4. Compute the p-value, or find the critical/rejection region: p-value is computed using the test statistics. The p-value is the probability of observing a sample statistic that is at least as extreme as your sample statistic when you assume that the null hypothesis is true. Simply put, p-value measures the discrepancy or contradiction between the Null hypothesis and the sample data.

The rejection region is determined by the significance level, it is the region beyond the critical value cutoff. The critical value is the value that divides the region into the acceptance region and rejection region.

Acceptance & Rejection regions for a two-tailed test at significance level α

Acceptance & Rejection regions for a one-tailed test at significance level α

Critical values for one– and two-tailed tests at three commonly used levels of significance

5. Make a decision: A decision can be made on the basis of either the p-value or the critical region.

Based on the p-value, if:

p-value ≤ alpha indicates that Ho is not supported by the sample data i.e. Ho should be rejected.
p-value > alpha indicates that Ho is not inconsistent with the sample data i.e. Ho should be not rejected.

A test is significant if the p-value is less than the specified significance level and the decision is to reject the null hypothesis. When the p-value is greater than .05, we fail to reach significance; the decision is to retain the null hypothesis.

Based on the critical region, if the value of test statistics given by the sample lies in the critical region then the Ho is rejected, otherwise, Ho is not rejected.

In order to make a test powerful in the sense that the chance of making an incorrect decision is small, the critical region should consist of those values of test statistics which are least supportive of Ho (i.e. which lie in the direction of Ha).

Types of Error while making a decision

Since the decision is made on the basis of a sample and not the entire population or group, it is possible to make errors in concluding the null hypothesis.

Decision outcomes and related errors

Type I error is committed if we reject a true Null hypothesis, Ho.
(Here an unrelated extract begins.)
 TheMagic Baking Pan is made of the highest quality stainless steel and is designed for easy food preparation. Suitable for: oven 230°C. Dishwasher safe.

Type II error happens when we fail to reject a false Null hypothesis.

The probability of making a Type 1 error is the significance level which is under our control. We do not have explicit control over the probability of a Type II error. For a given significance level, we try to choose a test statistic such that the probability of a Type II error is small.

The correct decision is to reject a false null hypothesis. This decision is called the power of the test. The power function of the test can be defined as

power function = 1 − P(Type II error) or (1-β).
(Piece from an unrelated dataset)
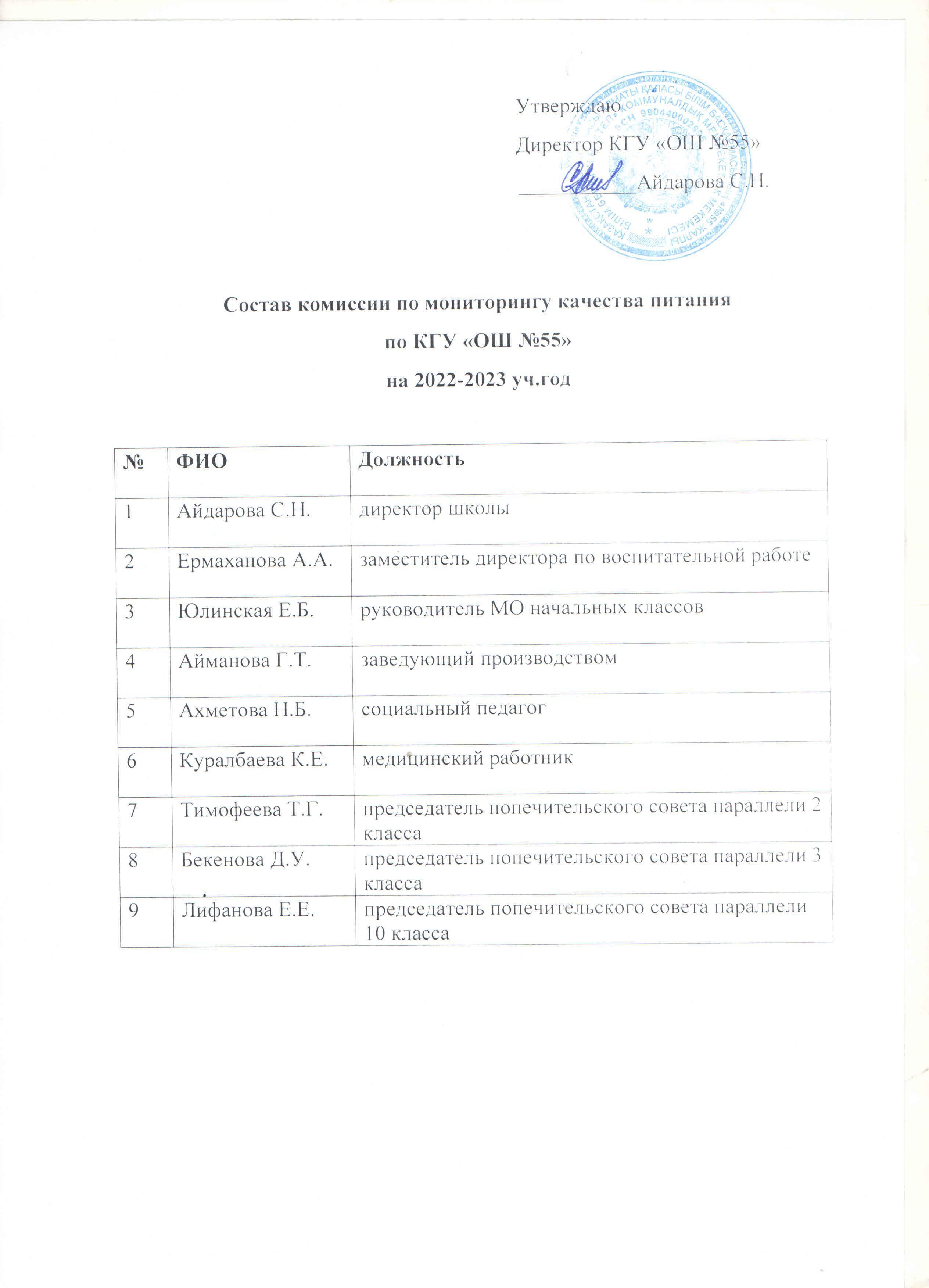 01 сентябрь 2022 0 1 2 3 4 5 2022-2023 оқу жылына арналған тамақтану сапасының мониторинг жөніндегі комиссияның құрамы. Состав комиссии по мониторингу качества питания на 2022-2023 уч.год

Thus, the power in hypothesis testing is the probability that a randomly selected sample will show that the null hypothesis is false when the null hypothesis is in fact false.

Underlying Assumptions of Hypothesis Testing

Statistical hypothesis testing requires several assumptions like the method of sampling the data, the shape of the population distribution, and the sample size. The specific assumptions may vary, depending on the test or the conditions of testing. However, without exception, all statistical tests assume random sampling. Tests of hypotheses about means require that the population under consideration be normally distributed or that the sample size be larger than 50 because if the sample size is sufficiently large (N > 50), basing on the central limit theorem, the probabilities of all other possible sample means we could select would be normally distributed.

To summarise, one should define the Null and Alternate hypothesis carefully, and compute the test statistics based on the underlying assumptions for the sampling distribution of the sample mean, and make a decision to reject or not reject the null hypothesis based on either the p-value and significance level, or the critical value and the computed test statistics value.